Mostly caps discharge in a series circuit by reversing the voltage. (AC)
They are also discharged in a series circuit by connecting different nets as needed. (the 555 for example)
Other than that it could be capacitor leakage, or alternate leakage paths back thru the circuit when power is disconnected.

 

I'm having trouble understanding how capacitors discharge in series circuits. I understand how it discharges in the schematic that I've attached but I can't see how it can discharge in a series circuit

Mr Betrus.is right it is the circuit that is confusing you.

 

I'm having trouble understanding how capacitors discharge in series circuits.

As shown, the capacitor will never discharge.

 

This is the capacitor discharge equation
View attachment 208302

• VC- VC is the voltage that is across the capacitor after a certain time period has elapsed.
• V0- V0 is the initial voltage across the capacitor before the discharging begins where it's connected in series with a resistor in a closed circuit. In simple terms, this is the voltage that the capacitor initially has before the discharge process begins.
• Time, t- Time, t, is the period of time which has elapsed since the discharge process has begun. t is measured in unit seconds. It is a very important parameter in this equation because it determines how much the capacitor discharges. The more time that has elapsed, the more the capacitor will discharge. Conversely, the less time that has elapsed, the less the capacitor will have discharged.
• Resistance, R- R is the resistance of the resistor to which the capacitor is connected to in the circuit, as shown in the diagram above. This affects the discharging process in that the greater the resistance value, the slower the discharge, while the smaller the resistance value, the quicker the discharge, and, thus, the lower the amount of voltage, VC, across the capacitor.
• Capacitance, C- C is the capacitance of the capacitor in use. C affects the discharging process in that the greater the capacitance, the more charge a capacitor can hold, thus, the longer it takes to discharge, which leads to a greater voltage, VC. Conversely, a smaller capacitance value leads to a quicker discharge, since the capacitor can't hold as much charge, and thus, the lower VC at the end.

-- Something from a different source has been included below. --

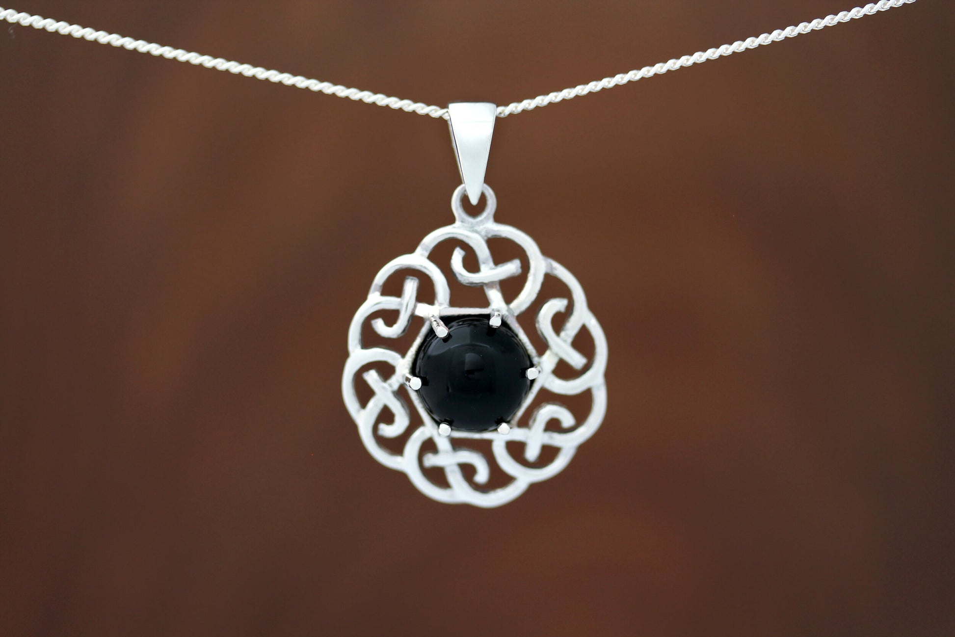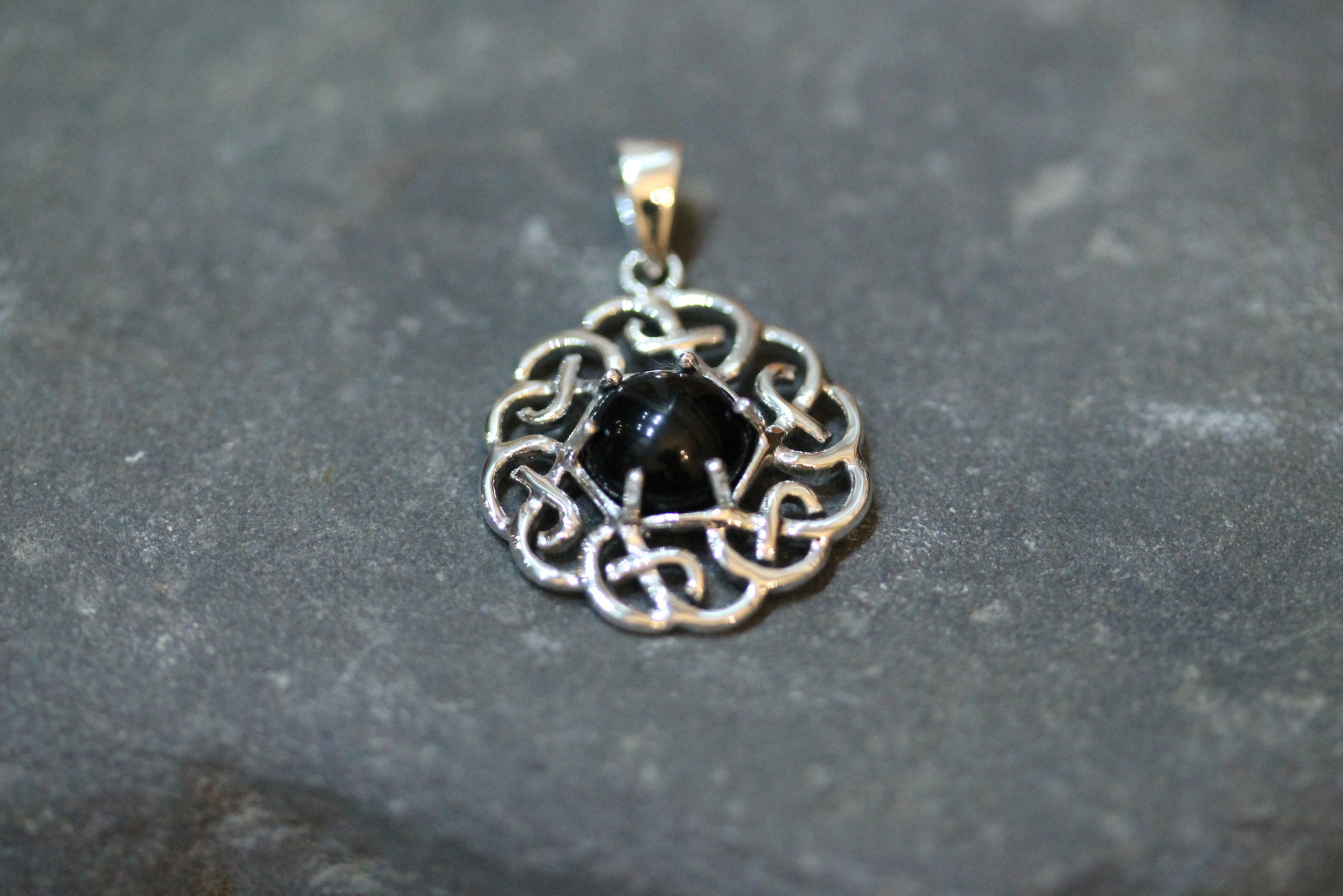Celtic Knot pendant with Black Onyx set in hallmarked 925 Sterling Silver.

Good explanation, but T equals time in seconds to charge or discharge to 60%. If you invert the answer it gives the frequency more or less. This might be accurate, it's been a while. Ha

 

I didn't want to confuse the kid.

 

As shown, the capacitor will never discharge.

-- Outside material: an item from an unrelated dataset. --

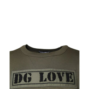 Dolce & Gabbana Army Green DG Love Cotton Crew Neck T-shirt

Almost all capacitors will discharge eventually. That is because almost all real capacitors have a leakage resistance in parallel with the actual capacitance. Some capacitors have more, some have less.
In addition, for any connection arrangement that provides the capacitor with a voltage to charge up to, there is a current path. If the charging voltage source is removed and replaced by it's internal resistance, current can flow and the capacitor can discharge.
Of course in some simulators the simulation is incorrect i that the capacitors are all perfect and there is no leakage current. Those simulators do not agree with reality.